Yeah, my rule when I got started was "If I ever lose a lifetime aggregated $3000 in the markets, then the markets are not for me". Then once you're ahead in the markets, it's fine to continue trading.
(Note: I ended up breaking my rule by continuing to trade after losing $5000, but then did great in the markets anyway in the long run LOL)
I made the mistake of gambling on 3x gas and oil futures once. Problem was, I got lucky a couple of times. They got all my money back and then some eventually. Gains based on luck can be toxic! Unless it's a well thought out statistical approach, maybe- but that would be a full time job.
also if the losses are in a non-IRA, they are (or were? talk to your cpa) tax deductible against other gains. But is it all worth even one lost night of sleep. Nah.... of course, there are ways of covering bets with options but that is professional level stuff.
I don't have any answers but you definitely need some cash. How much? I have no idea.
With the rest, I would put some in a vanguard account. And then invest where? I want to say index funds but the market is very strange. The biggest companies have too much wealth soaked up. Is this sustainable? Is this a bubble? Who knows...
Why is this hard? Calculate the expected value of each option, do a risk analysis, apply risk factor (based on your own tolerance), biggest number wins.
Risk analysis depends highly on your views of the world? "Are we in/heading towards a recession?""will the stock market continue its explosive growth"? "Do I as a person favor stability or prefer to take a bit of risk?"
Well yes, precisely. Which is why nobody can give this guy an objective answer to his question -- it's entirely dependent on him and his views.

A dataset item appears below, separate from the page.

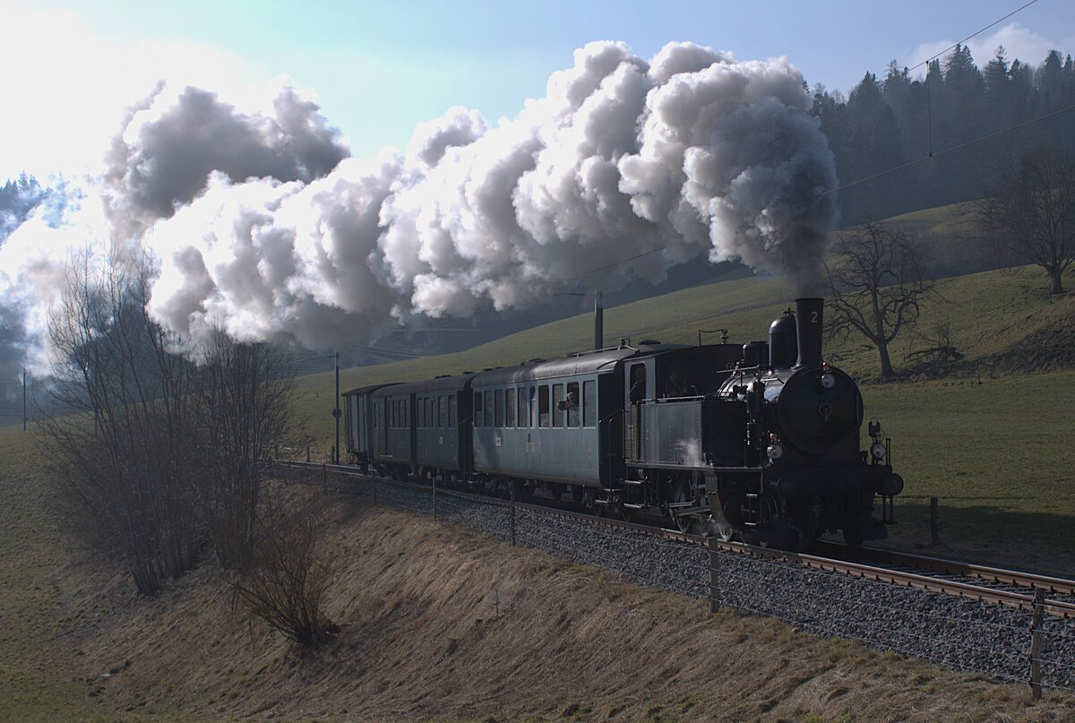 Am 16.03.2025 ist der Halbesel frühmorgens bei Huttwil unterwegs, Extrafahrt zum hundertjährigen Jubiläum.
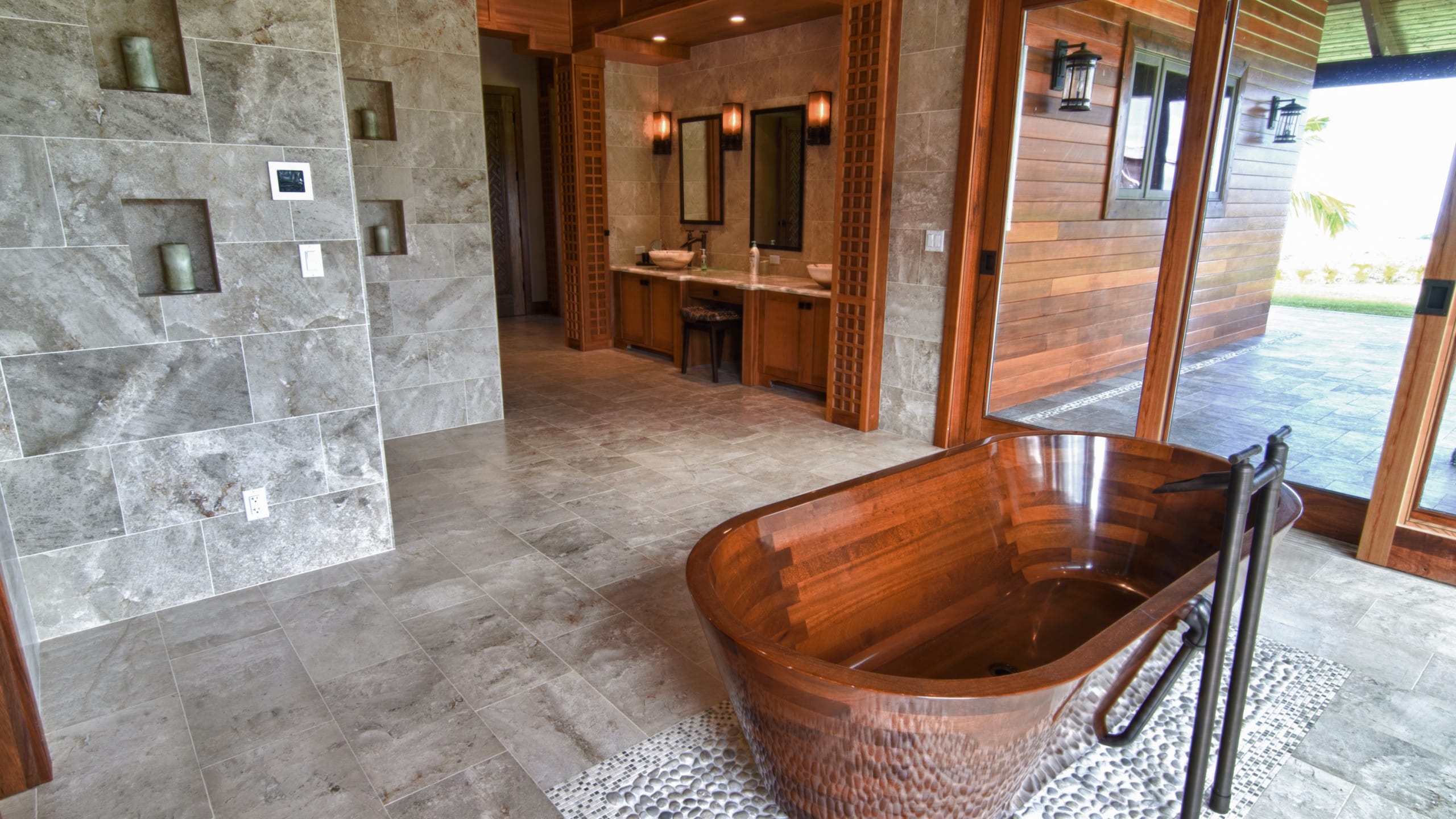 Walls and floor: Silver Mist 12"x24" travertine tile

That being said, there is absolutely an analytical way to approach the problem, which is what I outlined.
I imagine that someone asking for advice isn't trying to take any comment wholesale. It's to help answer one of the above questions that they currently cannot right now.
For an internet forum, I've found it easier to ask direct, actionable questions like "should I buy this couch" than "is [couch brand] good?". Even if what I really wanted to get at was the former. Maybe the brand isnt good but the price is a steal. Maybe the brand is so utterly trash that you couldn't give it away. But putting the brand into the question instead of a direct 'thing' changes the discourse.
What do I do with the cash?
A) keep it as cash
B) Pay off the mortgage
C) Buy some QQQ
D) Buy some T-notes
E) there is no E. I am a simple man. Let's start with a simple solution.